Сибилла недоверчиво улыбнулась:
– ISBN?
– Да, и текст на клапанах суперобложки, его я всегда оставляю напоследок.
Сибилла серьезно посмотрела на Теофила.
– Вот как, текст на клапанах.
– Да, и если повезет, я имею в виду, если книжка не клееная, а сшитая, вы понимаете, то ее можно разогнуть, раздвинуть страницы. – Теофил непроизвольно показал как, поняв в ту же секунду, насколько двусмысленным оказался его жест. – И тогда можно прочесть номер тетради. Знаете, при печати тетради, из которых сшивают книги, нумеруют, и это как поиски клада, иногда мне удается разбогатеть, и я беру лупу и читаю номера тетрадей.

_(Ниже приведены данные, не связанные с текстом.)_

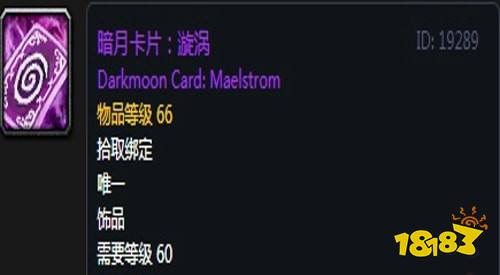 暗月卡片漩涡:饰品2,出自暗月马戏团套牌收集兑换,无法附魔。

Сибилла вновь взглянула на руку Теофила, густо поросшую черными волосками, одновременно наслаждаясь гладкой рукой Себастьяна, лежавшей на другой ее руке. Затем она посмотрела Теофилу прямо в глаза.

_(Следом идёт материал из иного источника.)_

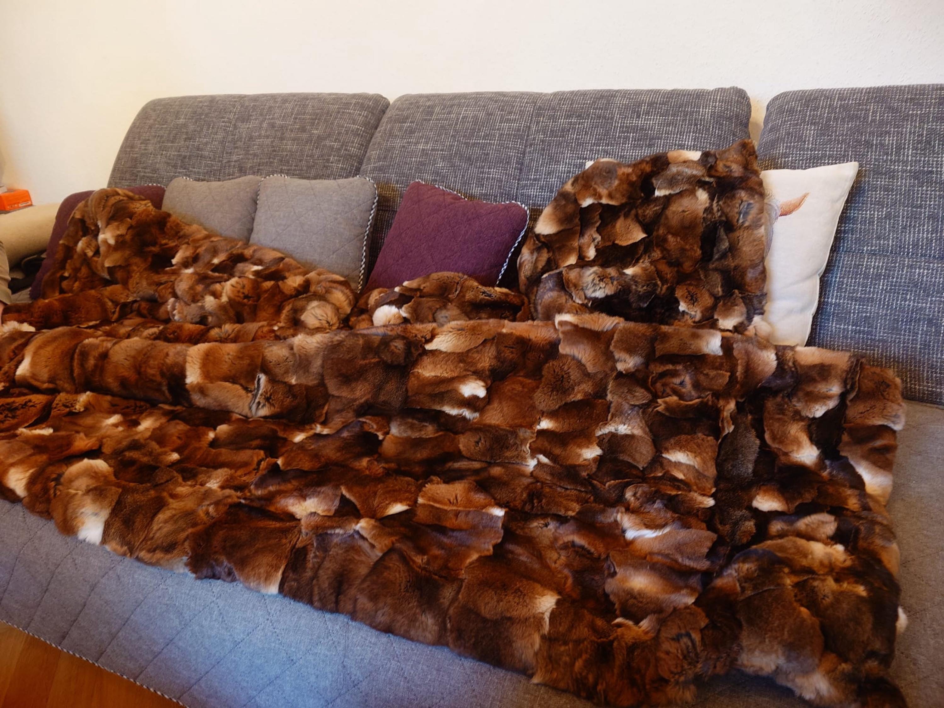 ● 1x Genuine Rex Rabbit Fur Blanket In Brown Orilax

– Но это же восхитительное сладострастие, Теофил. Боже мой.
– Именно это позволяет мне смириться, – сказал он еще более интимным тоном, давая себе отчет, как загадочно, туманно это звучит.
Штефани подозрительно посмотрела на m?nage а trois, сложившийся на другом конце стола. Себастьян и Теофил близко придвинулись к Сибилле, каждый крепко держал завоеванную руку, попеременно тихо и настойчиво говоря что-то женщине, которая явно наслаждалась ситуацией.
– Дистанция, – произнесла Штефани, повышая голос и обращаясь к Герману, – дистанция между классами, дистанция между людьми, дистанция – вот в чем секрет.
Герман весело посмотрел на хозяйку.
– Вам придется пояснить свою мысль, – ответил он ей, бросив взгляд на поглощенную собой троицу.
– Возьмем для начала дистанцию между классами, – продолжила Штефани чуть более громким голосом. – Например, в парикмахерской я всегда оставляю мастеру на чай в кассе. Этот благодарный взгляд слуг – ужасен, но даже он в наше время становится редкостью.
Регина слушала ее сочувственно, хотя сословное высокомерие Штефани было ей абсолютно чуждо. Для нее было только in и out. Поэтому Регина гордилась тем, что с недавних пор она получила наконец право называть известного всему городу модного парикмахера «пупсик», запросто болтать с ним и пить шампанское.
– Дорогуша, я надеюсь, что ты уже не ходишь к той провинциальной кошелке! – участливо прокудахтала она и окинула локоны Штефани всепрощающим взглядом очень, очень хорошей подруги.
Она выразительным жестом поглубже воткнула перо в высокую башню прически и злорадно улыбнулась Герману.
– Вкус у нее, конечно, есть, дорогая Штефани, но иногда не хватает стиля. И голова становится похожа на лопнувшую диванную подушку.
Глаза Штефани сузились. Вот он, этот взгляд из бойниц.
– Эта сомнительная смесь местечкового жеманства и мусоросборника на самом деле вовсе не мой жанр, – ответила она, смерив Регину ледяным взглядом, и поднялась.
– Пора подавать десерт, вы не находите?
С этими словами она покинула комнату и направилась в кухню, по дороге зайдя в туалет.
Герман Грюнберг с усмешкой откинулся на спинку стула.
– Когда у человека есть такие друзья, враги ему не нужны.
Регина расстроенно кивнула, она растерялась от этой внезапной вспышки агрессивности Штефани.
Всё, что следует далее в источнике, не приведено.